An Iran-linked hacking group claims to have breached the computer network of a sensitive Israeli nuclear installation in an incident declared by the ‘Anonymous’ hackers as a protest against the war in Gaza. The hackers claim to have stolen and published thousands of documents — including PDFs, emails, and PowerPoint slides — from the Shimon Peres Negev Nuclear Research Center. The secretive facility, which houses a nuclear reactor linked to Israel’s unavowed nuclear weapons program, has historically been targeted by Hamas rockets.

 

Google balks at $270M fine after training AI on French news sites’ content

Google has agreed to pay 250 million euros (about $273 million) to settle a dispute in France after breaching years-old commitments to inform and pay French news publishers when referencing and displaying content in both search results and when training Google’s AI-powered chatbot, Gemini.

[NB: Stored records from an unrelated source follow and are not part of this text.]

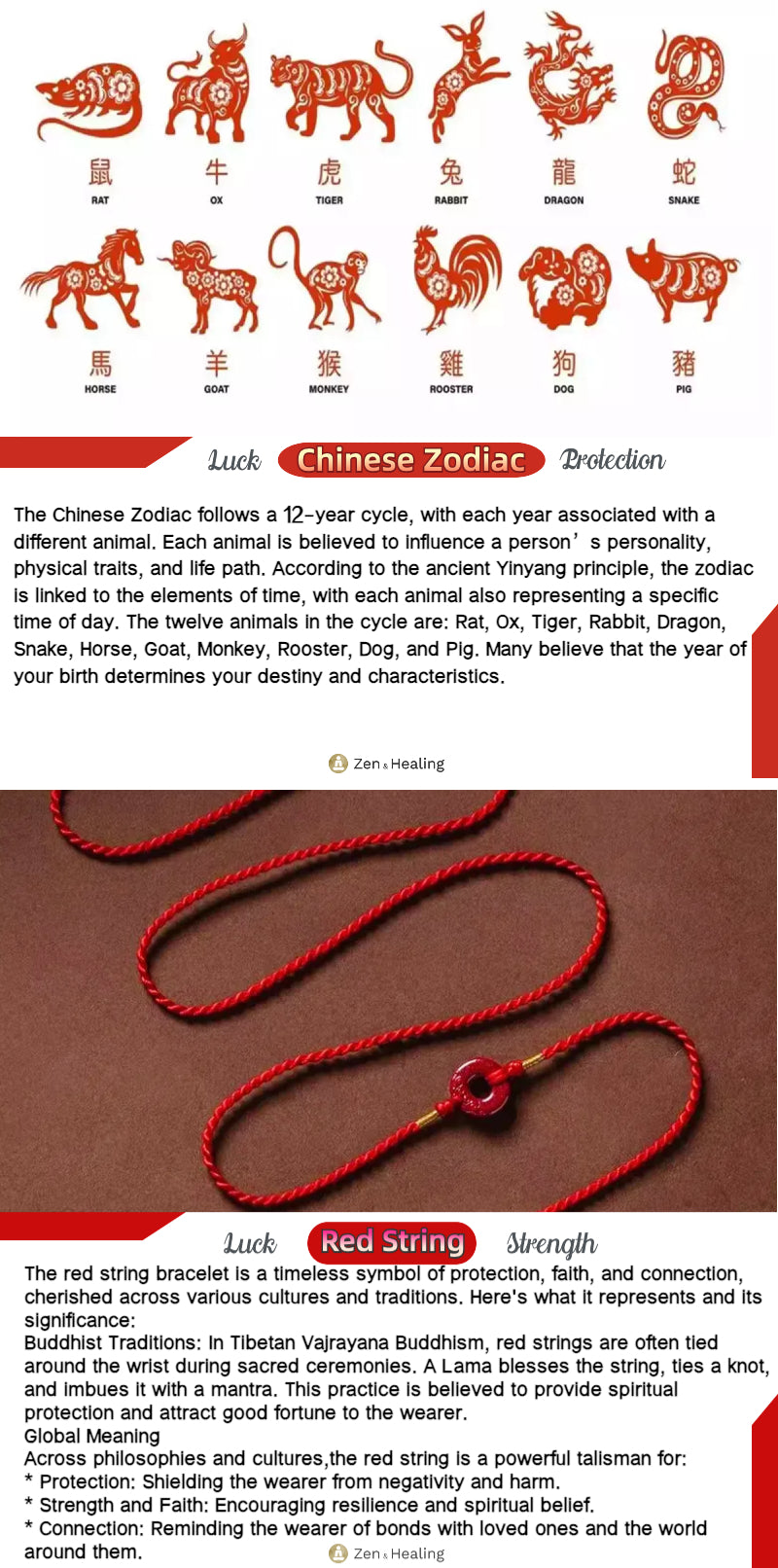 Zen Healing Chinese Zodiac Wealth Red String Bracelet
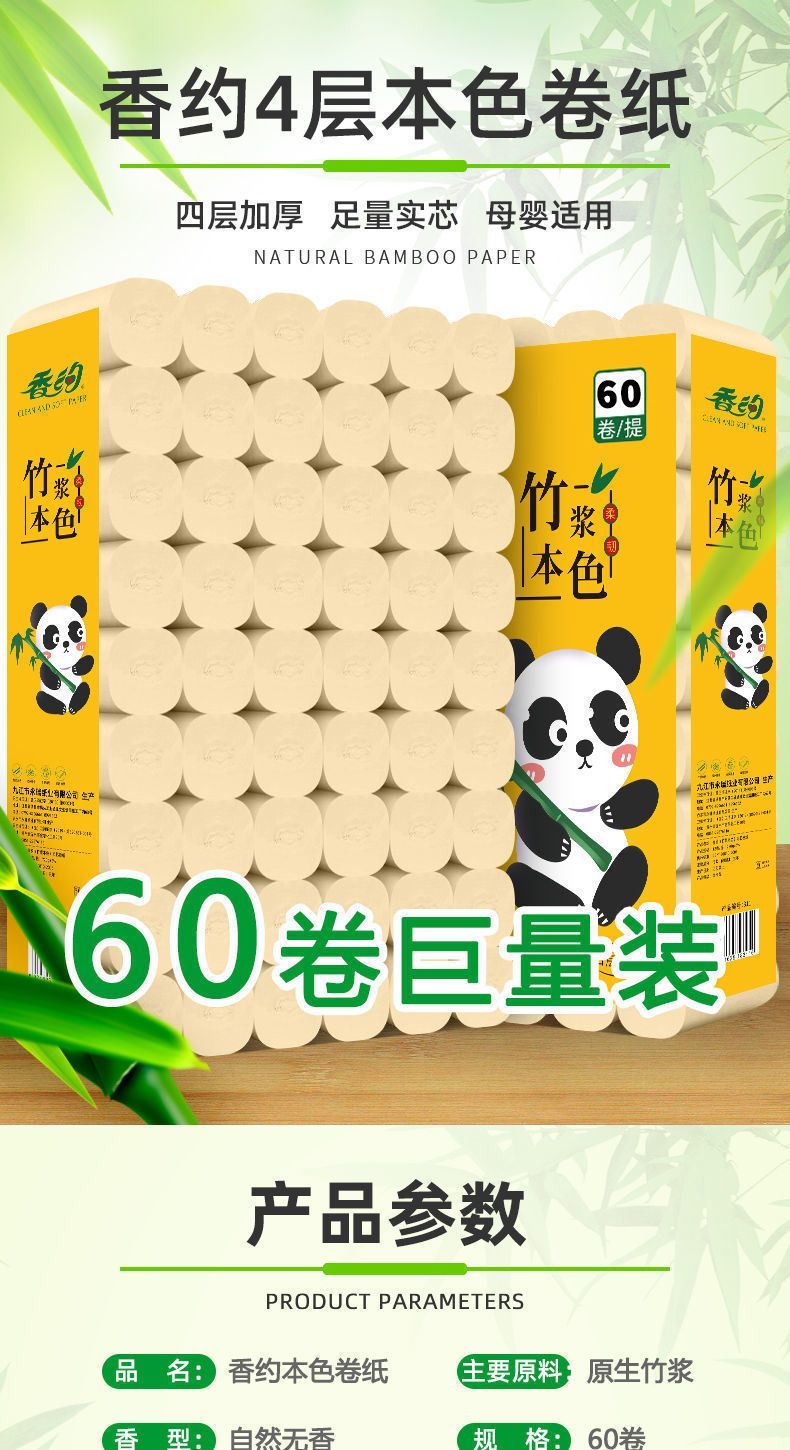 【爆款超低价预售 急单慎拍】【7斤60卷大粗卷够用1年】竹浆本色卫生纸卷纸纸巾12卷批发厕纸
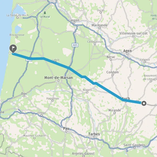 Au rond-point, prendre la 2ème sortie sur D626 (Avenue d'Albret) et continuer sur 18 kilomètres
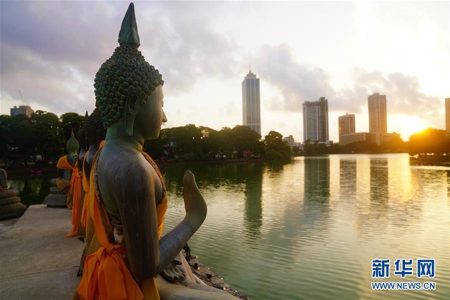 這是夕陽下的斯里蘭卡科倫坡水中廟佛像(5月27日攝)。 在科倫坡貝拉湖上有一座木造樓閣——水中廟。木造建筑上面覆蓋著藍(lán)瓦,外圍環(huán)繞著線條優(yōu)美的佛像。樓閣外高臺(tái)上供奉的佛像,與不遠(yuǎn)處的高層建筑相互映照。祥和寧靜的水中廟已成為人們修心、祈福的重要場(chǎng)所。 新華社記者唐璐攝
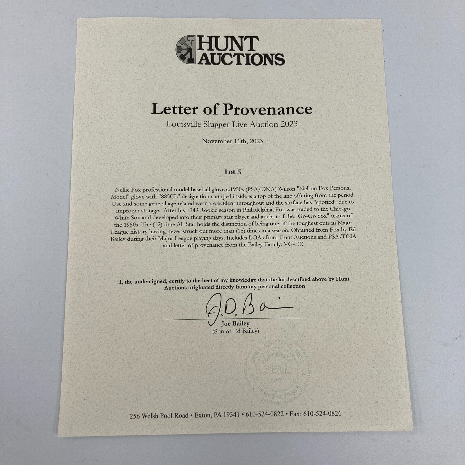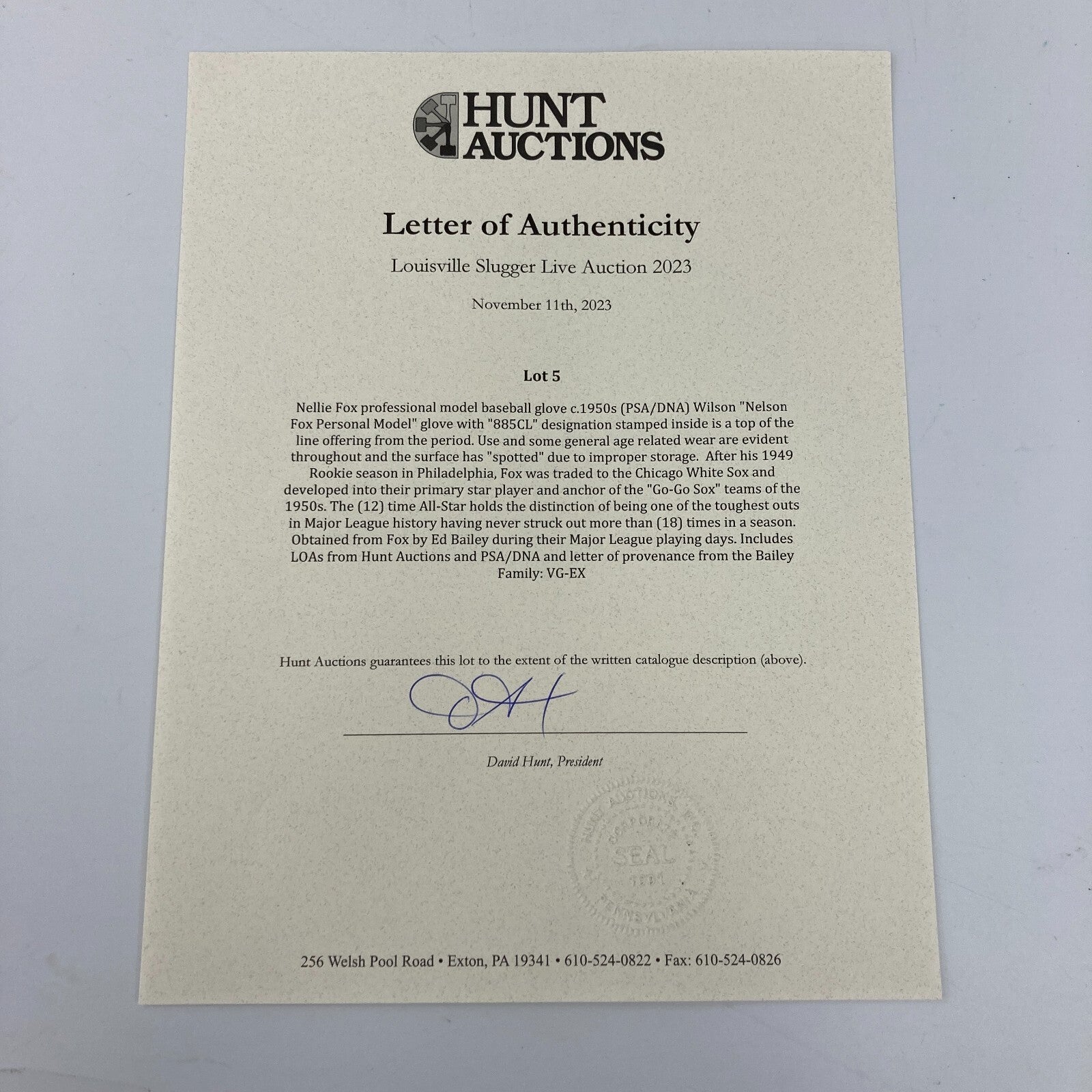 Nellie Fox professional model baseball glove c.1950s (PSA/DNA) Wilson "Nelson Fox Personal Model" glove with "885CL" designation stamped inside is a top of the line offering from the period. After his 1949 Rookie season in Philadelphia, Fox was traded to the Chicago White Sox and developed into their primary star player and anchor of the "Go-Go Sox" teams of the 1950s. The (12) time All-Star holds the distinction of being one of the toughest outs in Major League history having never struck out more than (18) times in a season. Obtained from Fox by Ed Bailey during their Major League playing days. Includes LOAs from Hunt Auctions and PSA/DNA and letter of provenance from the Bailey Family
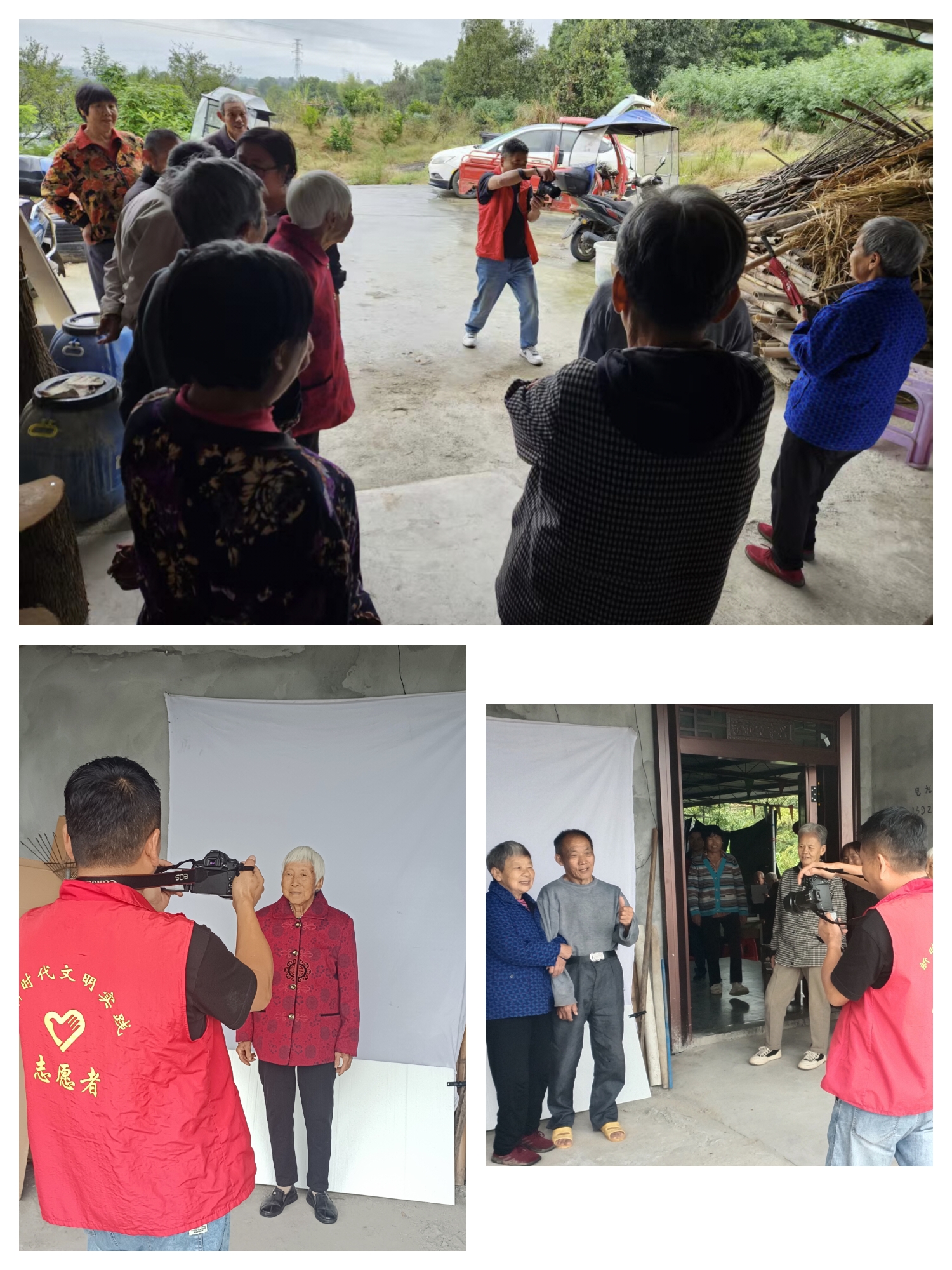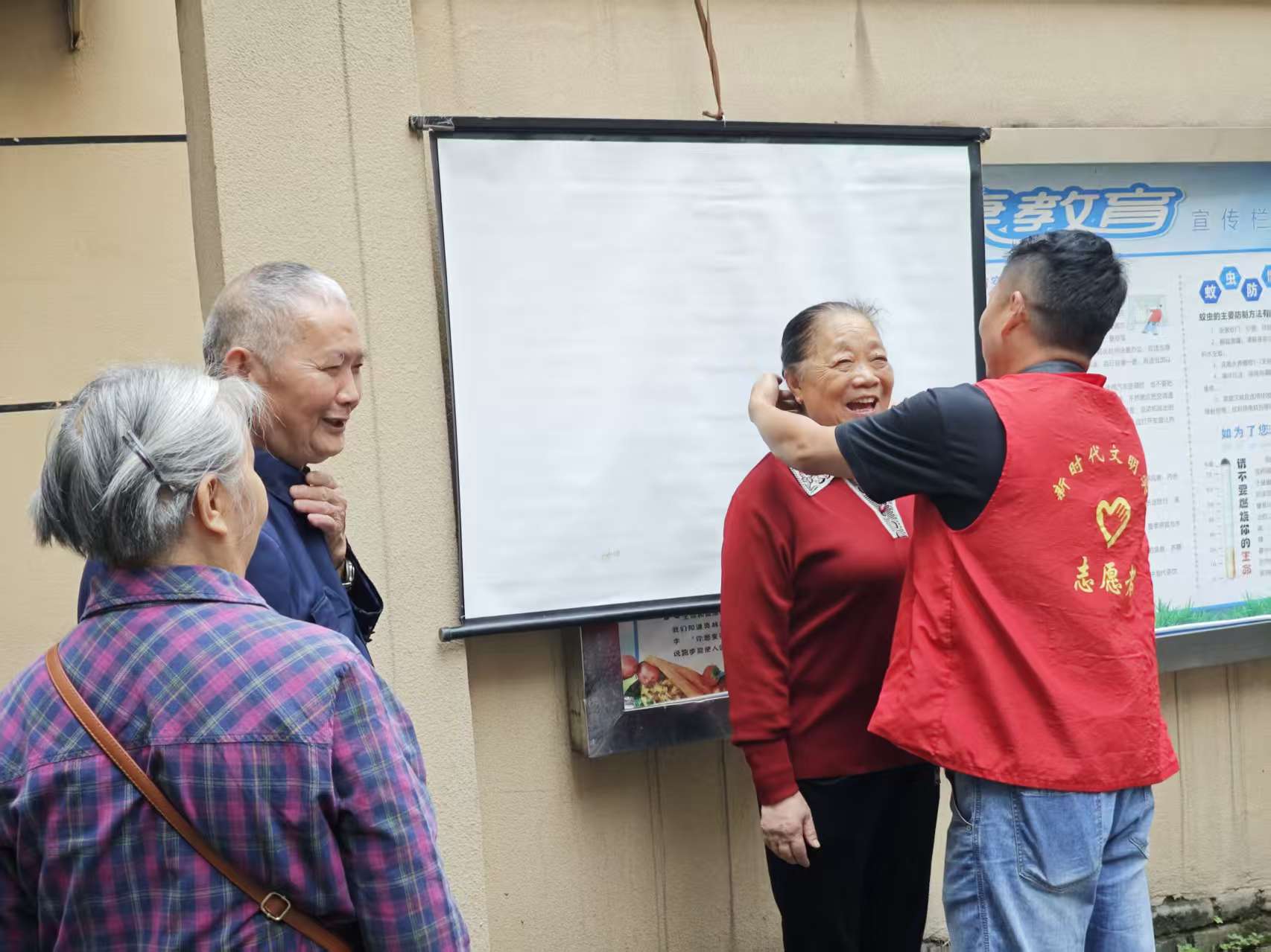 活动当天,志愿者们早早来到现场布置:将背景布仔细抻平悬挂,反复调试补光灯确保光线柔和,还特意备好木梳、格纹围巾、红色胸花等道具。“您要是觉得衣服颜色素,咱们可以搭条围巾,拍出来更显气色。”志愿者一边给居民介绍道具,一边帮老人梳理头发,现场氛围格外热闹。
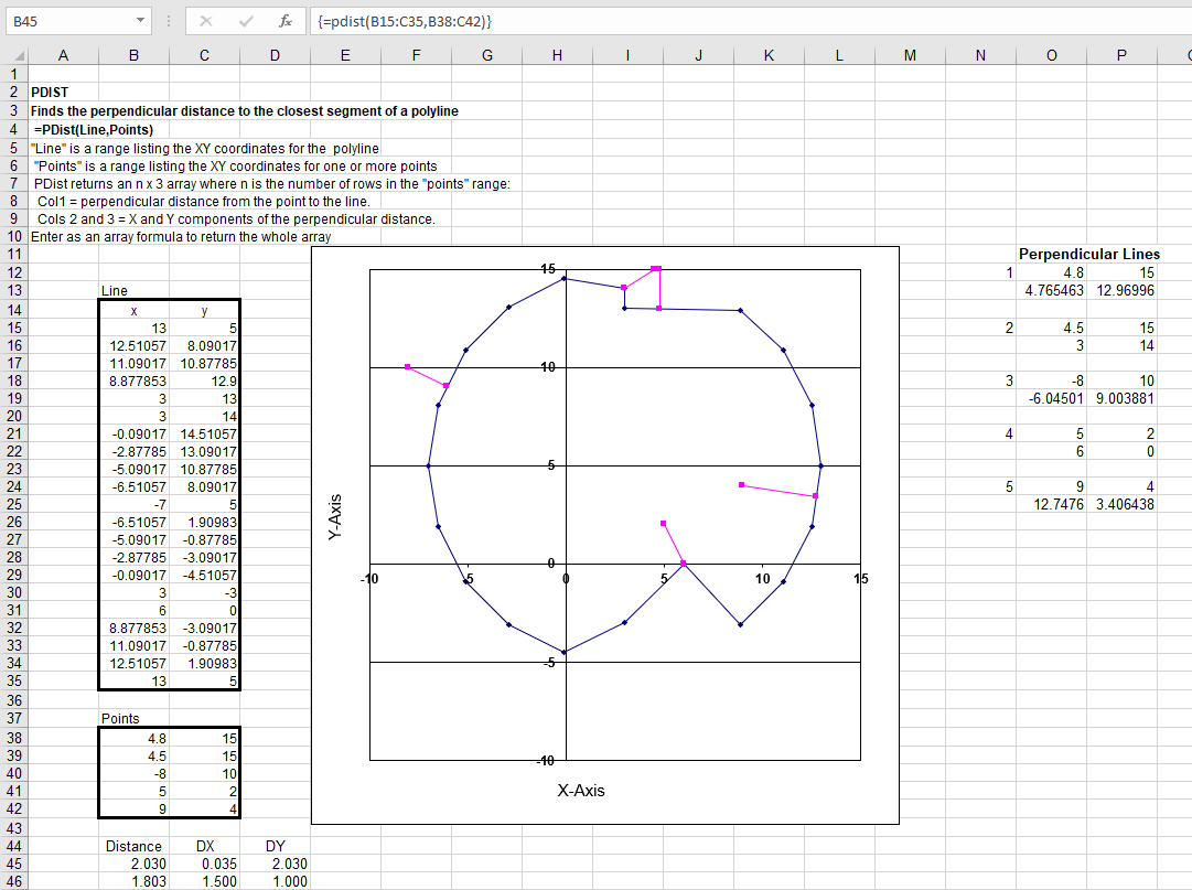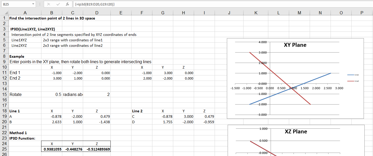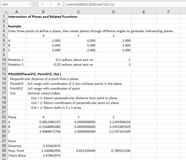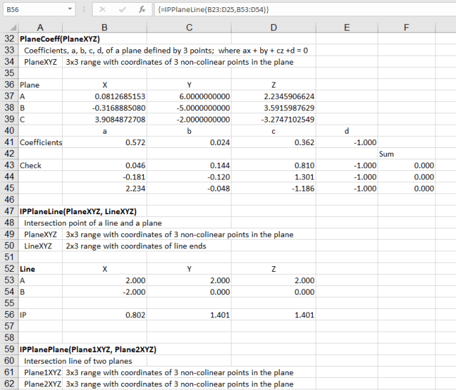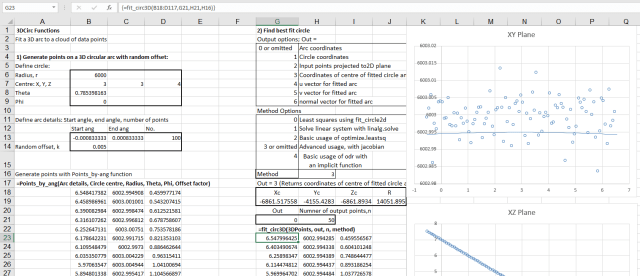 The spreadsheet IP2_py provides a large number of geometric functions, including intersection points of lines, circles and planes, interpolation, rotations, and converting between coordinate systems. Many of the functions are available in VBA and Python versions. The Python code has now been updated to work with Python 3. The updated files can be downloaded from:
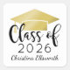 Las pegatinas personalizadas de graduación tienen un diseño personalizado moderno y elegante con el nombre del graduado, su año de clase en escritura de caligrafía negra de moda, y un motivo de gorra de graduado de color dorado. ¡Use para acentuar sobres de tarjetas de anuncio o favores de fiesta de graduación!

According to France’s competition watchdog, the Autorité de la Concurrence (ADLC), Google dodged many commitments to deal with publishers fairly. Most recently, it never notified publishers or the ADLC before training Gemini (initially launched as Bard) on publishers’ content or displaying content in Gemini outputs. Google also waited until September 28, 2023, to introduce easy options for publishers to opt out, which made it impossible for publishers to negotiate fair deals for that content, the ADLC found.

 

Ivanti urges customers to address a critical remote code execution vulnerability impacting the Standalone Sentry solution

Ivanti addressed a critical remote code execution vulnerability, tracked as CVE-2023-41724 (CVSS score of 9.6), impacting Standalone Sentry solution. An unauthenticated attacker can exploit this vulnerability to execute arbitrary commands on the underlying operating system of the appliance within the same physical or logical network. “An unauthenticated threat actor can execute arbitrary commands on the underlying operating system of the appliance within the same physical or logical network.” reads the advisory. This vulnerability affects all supported versions 9.17.0, 9.18.0, and 9.19.0. Older versions are also impacted. The company urge customers to install the available versions 9.17.1, 9.18.1, and 9.19.1, which address the issue.

 

Stalkerware usage surging, despite data privacy concerns

Stalkerware has reached “pandemic proportions,” according to Kaspersky, which documented a total of 31,031 people affected by the intrusive software in 2023 – up almost six percent on the prior year. The security shop detected 2,645 unique cases of stalkerware in Europe last year, with the three most affected countries being Germany (577), France (332) and the United Kingdom (271). In North America, 77 percent of all instances were in the United States, according to the annual State of Stalkerware report. Of the 1,049 affected individuals, 779 were American and 250 Canadian. Perhaps unsurprisingly, Russia (9,890), Brazil (4,186) and India (2,492) were the top three countries for stalkerware, and these three have held this dubious distinction since 2019.